What is expected:
Where an entry contains a picture, omit the picture and repeat the rest exactly.

Records excerpted from a collection:
————

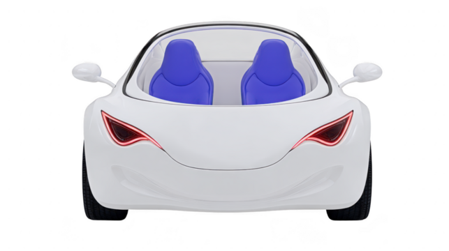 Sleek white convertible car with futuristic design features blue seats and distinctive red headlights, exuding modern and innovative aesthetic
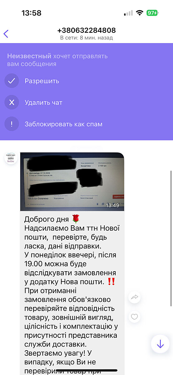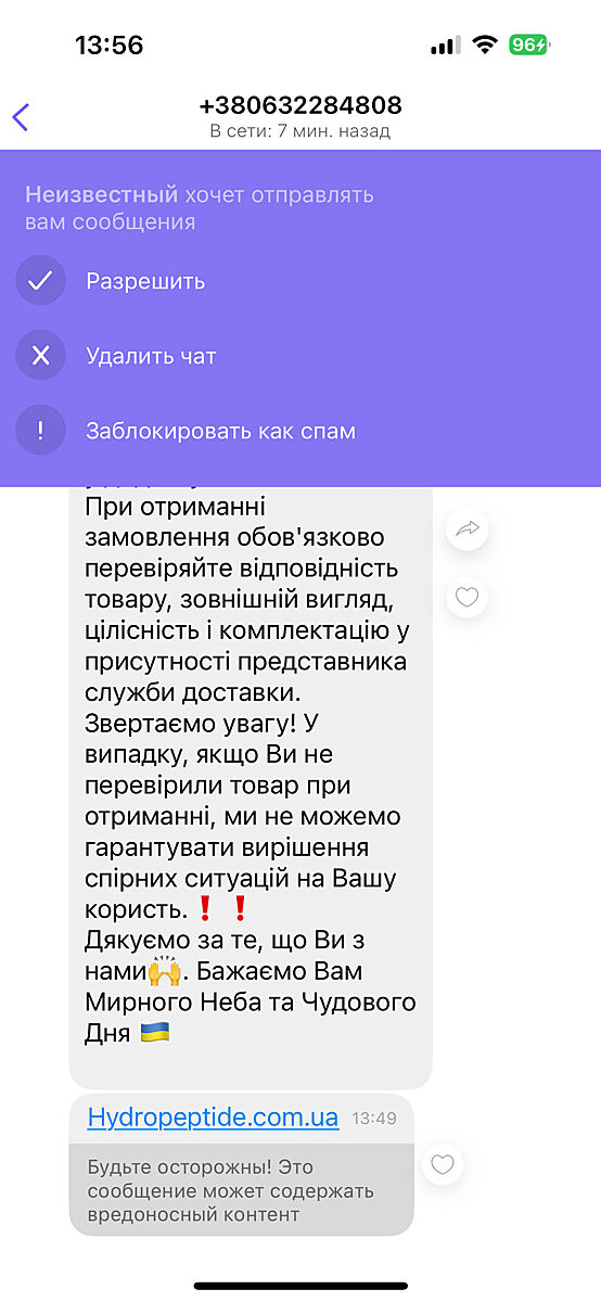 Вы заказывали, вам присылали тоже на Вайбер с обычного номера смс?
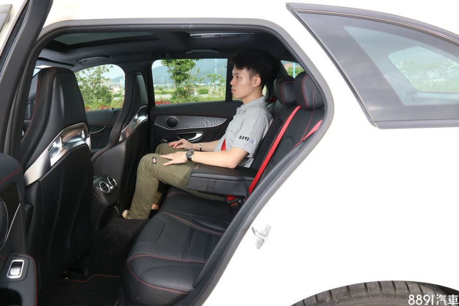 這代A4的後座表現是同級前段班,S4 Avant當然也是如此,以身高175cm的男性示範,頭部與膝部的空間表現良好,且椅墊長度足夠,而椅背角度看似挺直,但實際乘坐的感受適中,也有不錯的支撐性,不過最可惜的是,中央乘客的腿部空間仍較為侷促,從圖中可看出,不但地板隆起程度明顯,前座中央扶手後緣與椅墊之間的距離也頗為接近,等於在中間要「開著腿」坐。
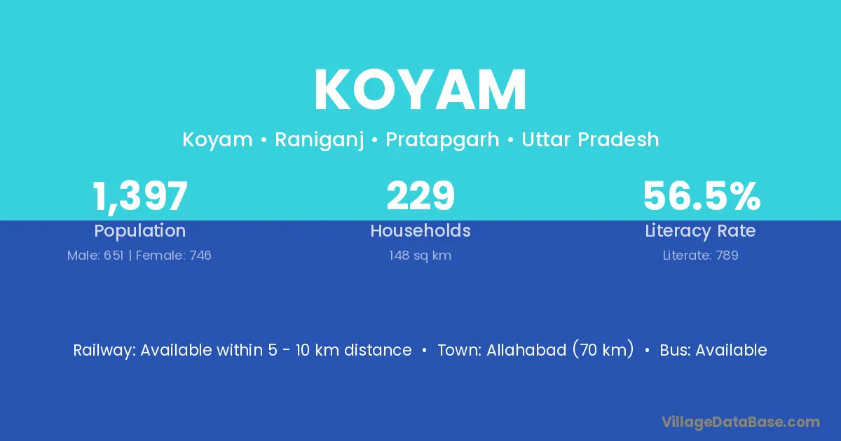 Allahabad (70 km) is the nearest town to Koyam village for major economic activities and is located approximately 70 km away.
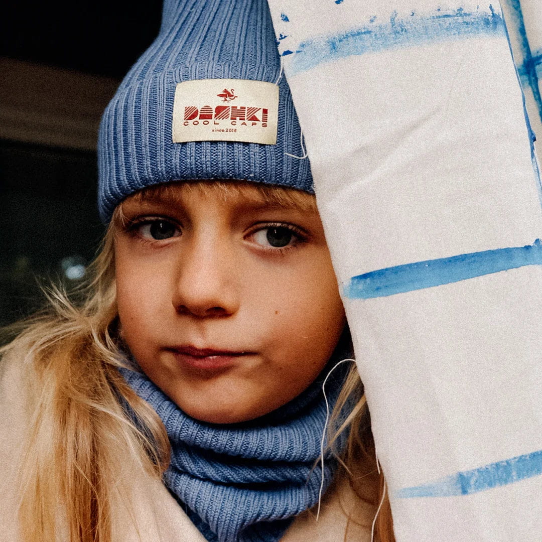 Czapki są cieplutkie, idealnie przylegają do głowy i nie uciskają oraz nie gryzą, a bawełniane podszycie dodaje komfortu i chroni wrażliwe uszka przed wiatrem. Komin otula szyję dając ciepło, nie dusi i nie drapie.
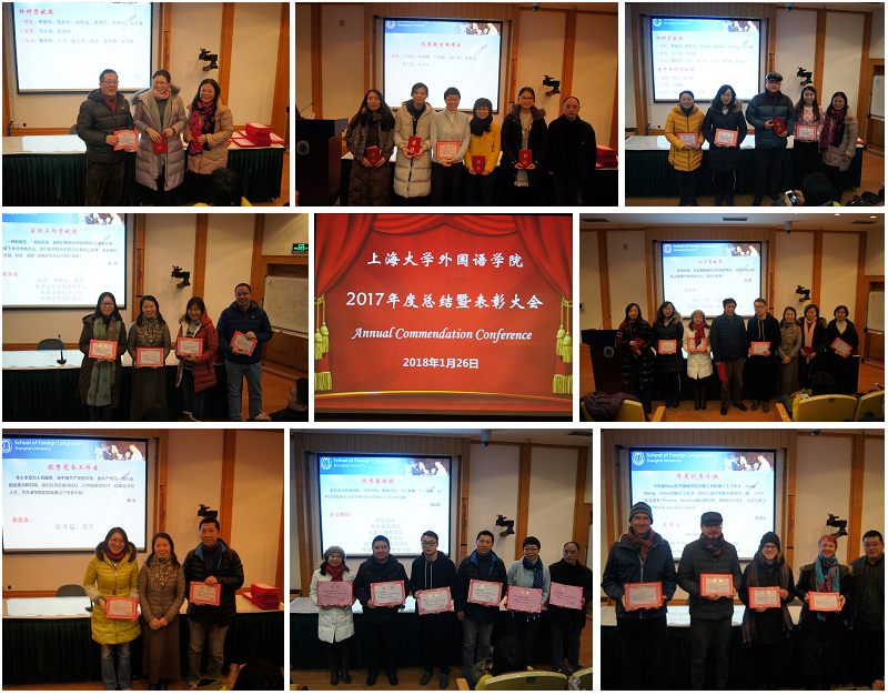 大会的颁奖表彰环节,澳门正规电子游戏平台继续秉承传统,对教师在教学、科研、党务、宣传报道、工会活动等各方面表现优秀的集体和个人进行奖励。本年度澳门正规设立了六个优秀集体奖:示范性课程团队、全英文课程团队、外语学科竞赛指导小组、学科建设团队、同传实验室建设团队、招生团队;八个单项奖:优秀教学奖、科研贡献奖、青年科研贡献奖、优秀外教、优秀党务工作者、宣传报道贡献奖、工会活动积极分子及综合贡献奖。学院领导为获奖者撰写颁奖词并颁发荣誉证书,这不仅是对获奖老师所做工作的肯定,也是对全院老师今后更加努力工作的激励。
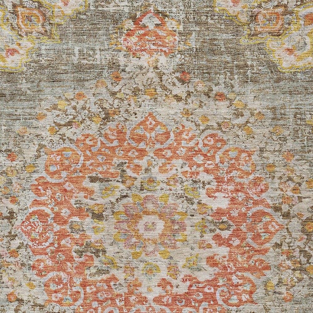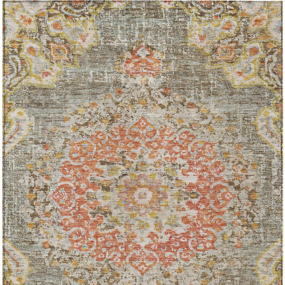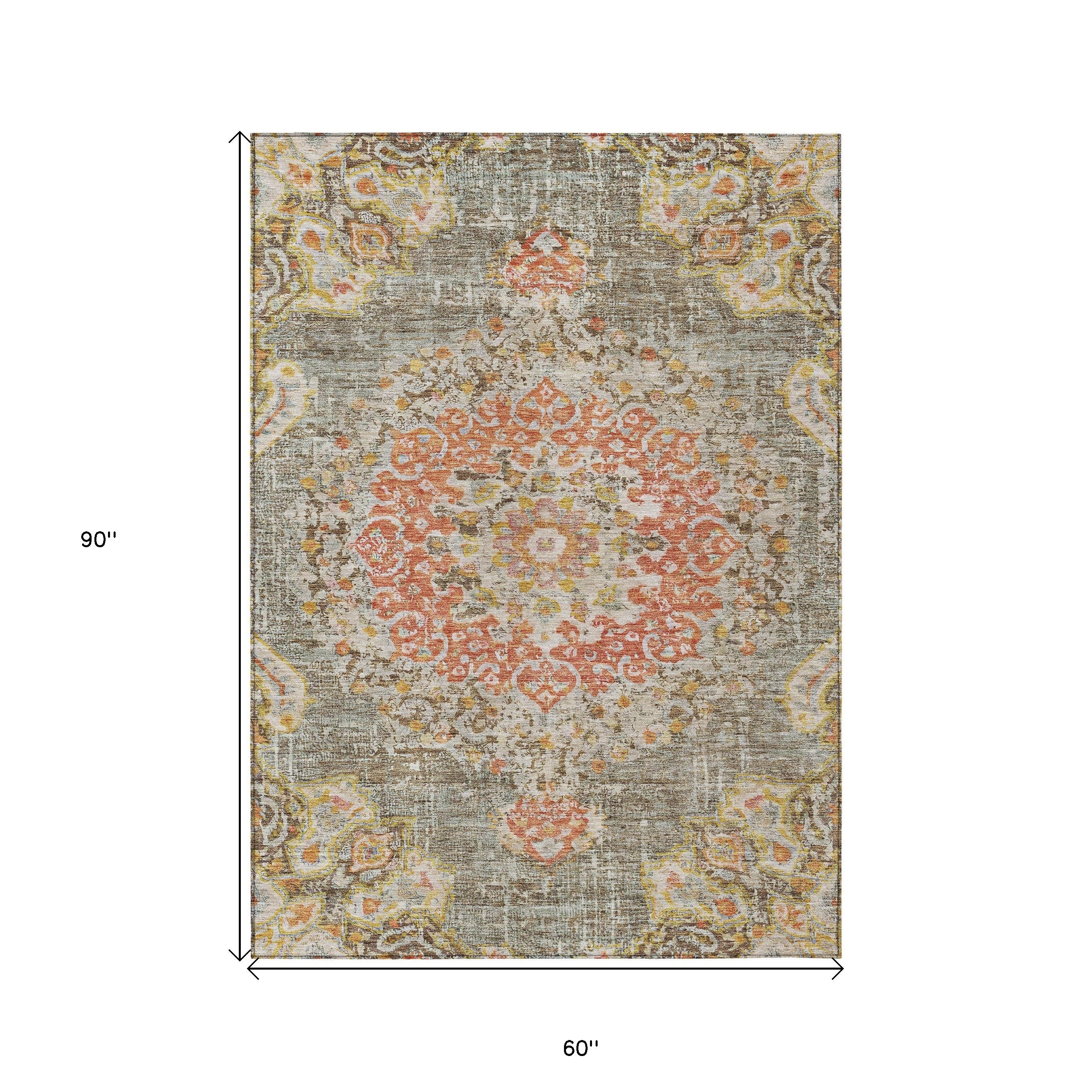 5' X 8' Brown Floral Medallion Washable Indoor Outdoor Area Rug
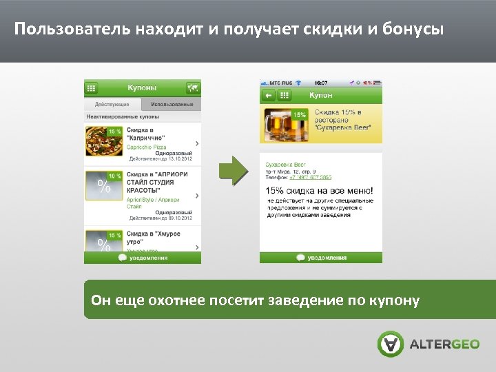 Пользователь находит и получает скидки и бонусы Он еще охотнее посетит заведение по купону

————

Result of this task:
 Sleek white convertible car with futuristic design features blue seats and distinctive red headlights, exuding modern and innovative aesthetic
 Вы заказывали, вам присылали тоже на Вайбер с обычного номера смс?
 這代A4的後座表現是同級前段班,S4 Avant當然也是如此,以身高175cm的男性示範,頭部與膝部的空間表現良好,且椅墊長度足夠,而椅背角度看似挺直,但實際乘坐的感受適中,也有不錯的支撐性,不過最可惜的是,中央乘客的腿部空間仍較為侷促,從圖中可看出,不但地板隆起程度明顯,前座中央扶手後緣與椅墊之間的距離也頗為接近,等於在中間要「開著腿」坐。
 Allahabad (70 km) is the nearest town to Koyam village for major economic activities and is located approximately 70 km away.
 Czapki są cieplutkie, idealnie przylegają do głowy i nie uciskają oraz nie gryzą, a bawełniane podszycie dodaje komfortu i chroni wrażliwe uszka przed wiatrem. Komin otula szyję dając ciepło, nie dusi i nie drapie.
 大会的颁奖表彰环节,澳门正规电子游戏平台继续秉承传统,对教师在教学、科研、党务、宣传报道、工会活动等各方面表现优秀的集体和个人进行奖励。本年度澳门正规设立了六个优秀集体奖:示范性课程团队、全英文课程团队、外语学科竞赛指导小组、学科建设团队、同传实验室建设团队、招生团队;八个单项奖:优秀教学奖、科研贡献奖、青年科研贡献奖、优秀外教、优秀党务工作者、宣传报道贡献奖、工会活动积极分子及综合贡献奖。学院领导为获奖者撰写颁奖词并颁发荣誉证书,这不仅是对获奖老师所做工作的肯定,也是对全院老师今后更加努力工作的激励。
 5' X 8' Brown Floral Medallion Washable Indoor Outdoor Area Rug
 Пользователь находит и получает скидки и бонусы Он еще охотнее посетит заведение по купону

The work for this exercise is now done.